Abstract 131P
Background
Colorectal cancer (CC) constitutes one of the most prevalent types of cancer, with extremely high mortality rate. Diagnosis of CC is characterized by low accuracy and high invasiveness. Thus, the development of accurate, noninvasive CC detection methods is a necessity, but also very challenging. Machine learning (ML) models can improve pathologists’ diagnostic accuracy, specificity, and sensitivity. This study presents preliminary results concerning ML classifiers discriminating between healthy and CC samples, using data of circulating tumor cells (CTCs) and their expression profile.
Methods
A dataset was generated based on 20 biomarkers including CTCs enumeration and protein expression (e.g. CD44, CD133, SOX2, OKT4, Nanog, MET, CD34, CD45, BCR-ABL, CD30, CD15, CD31, CD19, CD63, CD99, EpCam, MUC1, PSMA, PanCK).

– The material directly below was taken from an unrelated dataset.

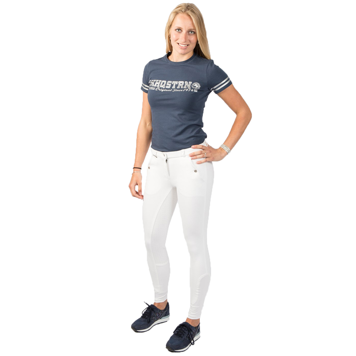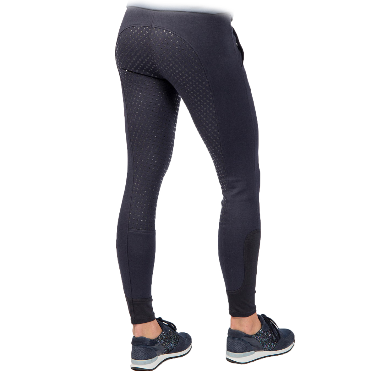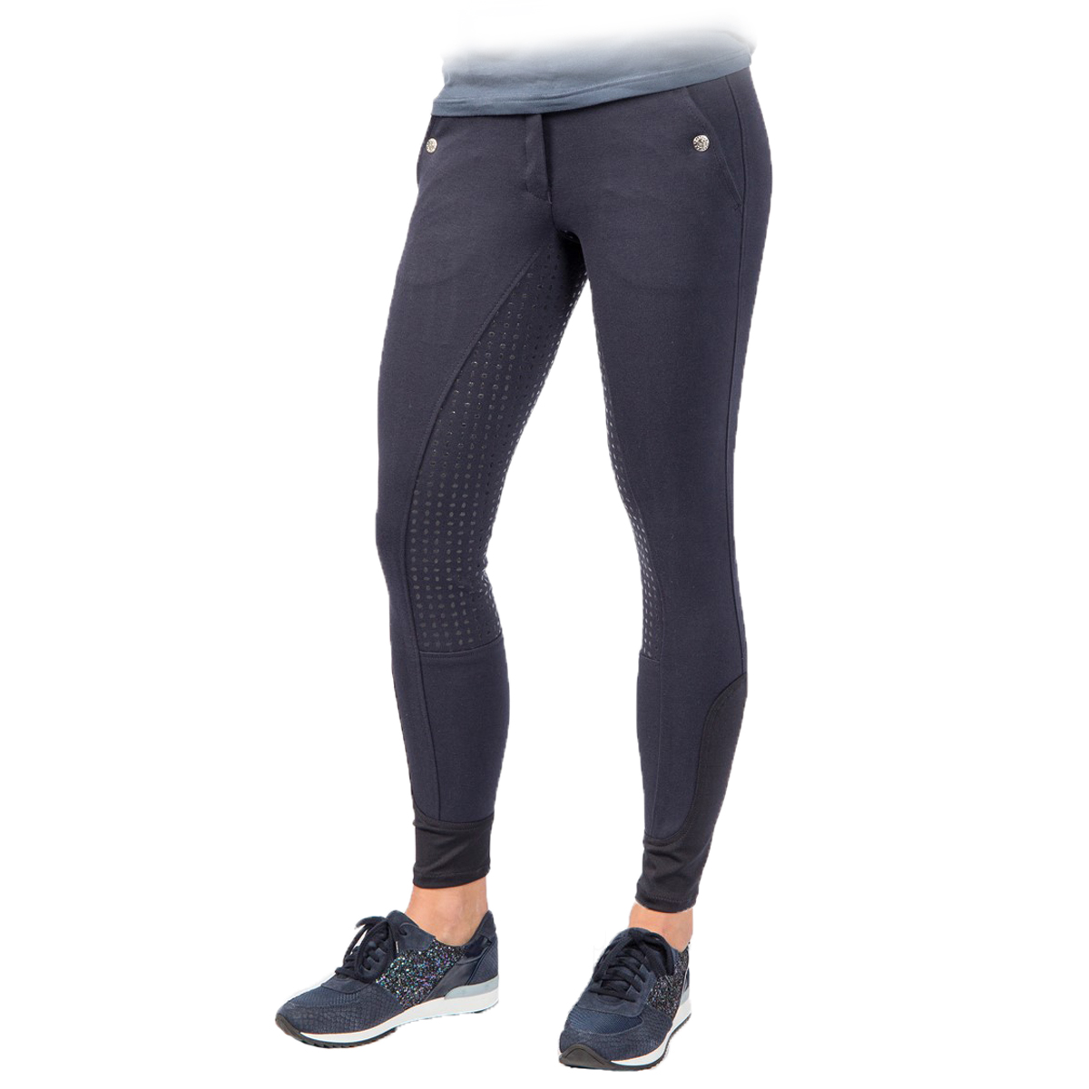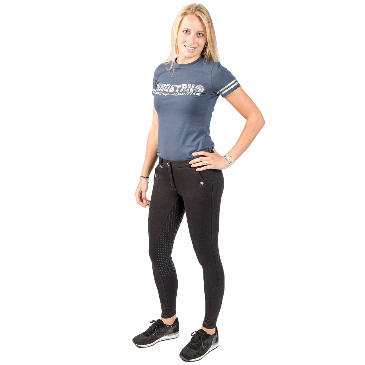 Бриджи с полной силиконовой леей (Riding Breeches). Благодаря высокому содержанию хлопка бриджи приятны к телу, а добавление спандекса позволяет им сохранять форму. На поясе есть петли для ремня. Два передних набедренных кармана на кнопках. Застёгиваются на молнию и брючный крючок. В области щиколотки имеется эластичная вставка для удобства одевания.
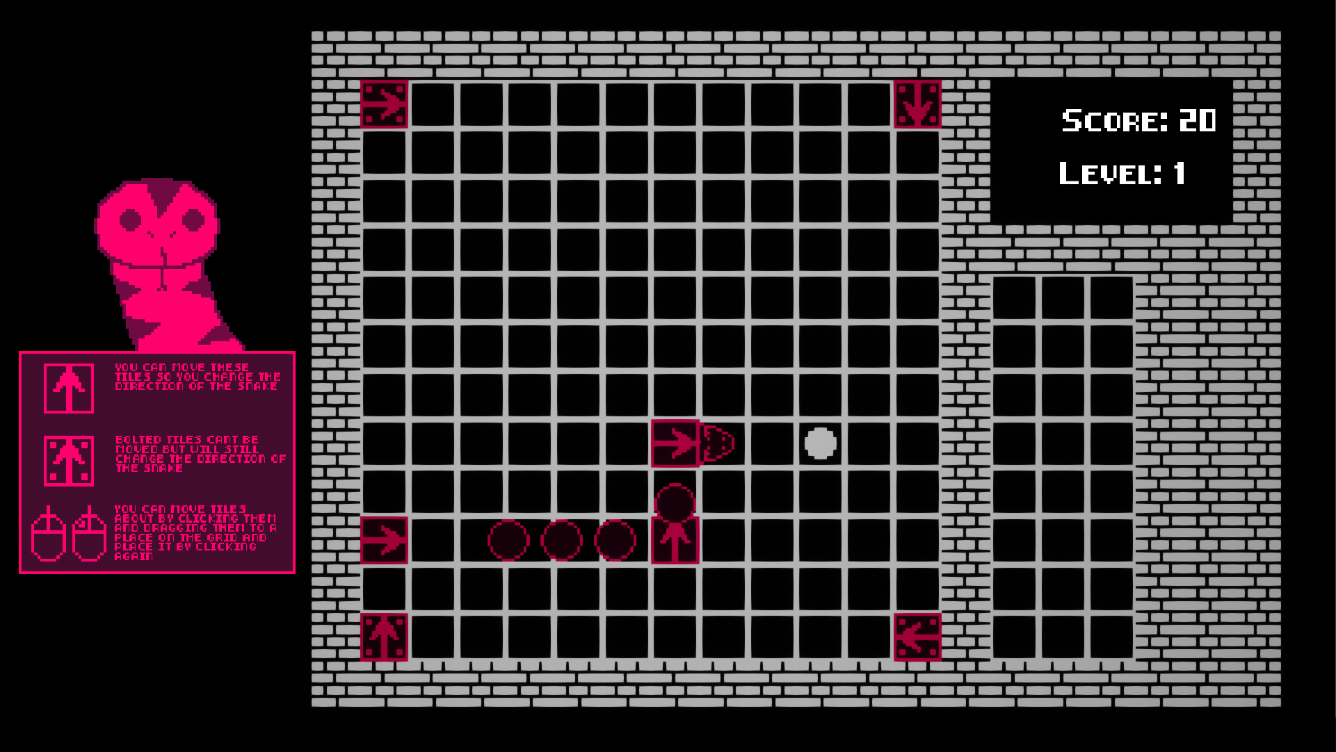Help a snake with eating all the pits by showing them the way. You assist the snake by using the directional arrows to show them the way and to eat the pits by dragging the tiles from your inventory in the path of the snake.

These biomarkers are commonly used in the identification of primary tumor in a patient and to provide guidance about disease progression and future prognosis. Particularly, for 35 healthy individuals and 39 CC patients, blood samples were analyzed to identify the presence, concentration and protein expression of CTCs. Then, the performance of 5 hyper-optimized ML classifiers was tested, namely for classification trees, Support Vector Machines (SVM), K-Nearest Neighbor (KNN), Ensemble classifiers and neural networks. The results correspond to a (5X-) 10-fold cross-validation estimation in a validation set (67 samples) and the resulting models were tested in a test set (7 samples).
Results
For all ML models and for the test sets, the mean accuracy was found to be 90.85 ± 2.39, the mean sensitivity (True Positive Rate) was found to be 96.25 ± 4.79, while the mean specificity (True Negative Rate) equal to 82.68 ± 3.65.
Conclusions
The present study reports preliminary results concerning the development of ML models which exhibit notable performance in distinguishing CC samples from healthy ones. These findings indicate that ML models, using CTCs’ enumeration and their protein expression data, could be included in clinical practice to assist pathologists in increasing the accuracy of diagnosis. However, albeit the results seem promising, more experiments are needed based on larger datasets to verify and extend the results of this study.
Legal entity responsible for the study
The authors.
Funding
Has not received any funding.
Disclosure
All authors have declared no conflicts of interest.